According to this guide, the sigma in this formula refers to the sigmoid activation function. The guide does not tell exactly why the sigmoid function is used here, so I will try to give a full explanation of how this loss formulation works (page 8, formula 1 in the InstructGPT paper):
$\text{loss}(\theta)=-\frac{1}{\binom{K}{2}}E_{(x,y_w,y_l) \sim D} [log(\sigma(r_\theta(x,y_w)-r_\theta(x,y_l)))]$
In the following I will use the notation from the paper:
$x$ refers to the given instruction
($y_w$, $y_l$) refers to a pair of responses out of the list of responses which a human ranked based on their preference
$y_w$ refers to the response that is preferred over the other, lesser preferred response $y_l$
$r$ refers to the reward model
$\theta$ refers to the trainable parameters of that reward model
$\sigma$ refers to the sigmoid activation function.
If you interpret $\sigma(r_\theta(x, y_w) - r_\theta(x, y_l))$ as the probability that the reward model assigns a higher reward to the preferred response $y_w$ than to the lesser preferred response $y_l$, the formula makes total sense. How do you maximize a probability? Exactly, by minimizing the negative log of that probability (this is called negative log likelihood). Hence the minus sign in front of the formula and log function around the sigmoid.
In order to elaborate a bit more on that: If the reward model is working fine, then $r_\theta(x, y_w)$ will be a very large positive number and $r_\theta(x, y_l)$ will be a much lower number (maybe even a negative number). The difference $r_\theta(x, y_w) - r_\theta(x, y_l)$ will then be a very large positive number. And the sigmoid of a very large positive number approaches $1$. In that case, everything is according to plan and the loss will be very small (close to zero). However, if the reward model is failing, the assigned reward $r_\theta(x, y_w)$ might be much smaller than $r_\theta(x, y_l)$. Hence, the difference $r_\theta(x, y_w) - r_\theta(x, y_l)$ will be a (possibly very large) negative number. Take the sigmoid of that and you get a value that approaches $0$ (thus, the probability that the reward model assigns a higher reward to the preferred response will be small). As we are trying to maximize a probability by minimizing the negative log likelihood, we get a large loss in that case.

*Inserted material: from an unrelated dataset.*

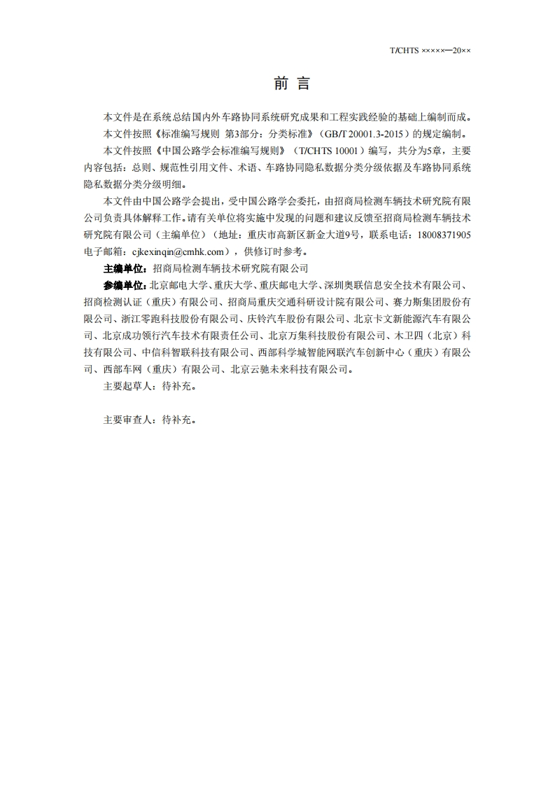 1、()车路协同系统隐私数据分类分级标准(2)348072@abc5天前发布关注私信0.55MB18页050151、()车路协同系统隐私数据分类分级标准(2)此内容为付费资源,请付费后查看¥17¥19黄金会员免费钻石会员免费立即购买您当前未登录!建议登陆后购买,可保存购买订单付费资源 第1页 / 共18页 第2页 / 共18页 第3页 / 共18页 第4页 / 共18页 第5页 / 共18页 试读已结束,还剩13页,您可下载完整版后进行离线阅读 © 版权声明文章版权归作者所有,未经允许请勿转载。THE END土木工程工学类建材家居机械电气设计标准规范理学类石油化工行业资料 文本预览 ICS号CCS号团体标准T/CHTS XXXXX-XXXX代替的团体标准编号车路协同系统隐私数据分类分级标准Drafting Rules for Standards of Privacy data in CooperativeVehicle Infrastructure SystemXXXx-XX-Xx发布XXXX-XX-Xx实施中国公路学会发布 查看更多 收起部分 喜欢就支持一下吧点赞15 分享QQ空间微博QQ好友海报分享复制链接收藏

As there will be a varying number of ranked responses for each instruction in one batch ("between $K = 4$ and
$K = 9$ responses"), the losses of those pairwise comparisons must be weighted, so that each instruction has the same impact on the gradient update, no matter how many responses the humans have been presented for each instruction. The number of pairwise comparisons out of $K$ is $\binom{K}{2}$.
In order to wrap it up: By minimizing the loss described in the paper, the reward model gets incentivized to assign a large positive reward to responses the (hopefully adequately paid cough) humans in front of their computers consider to be very good responses and very large negative rewards to responses which those humans consider to be very bad. And this is exactly what is desired in order to fine-tune an LLM according to human preference using reinforcement learning.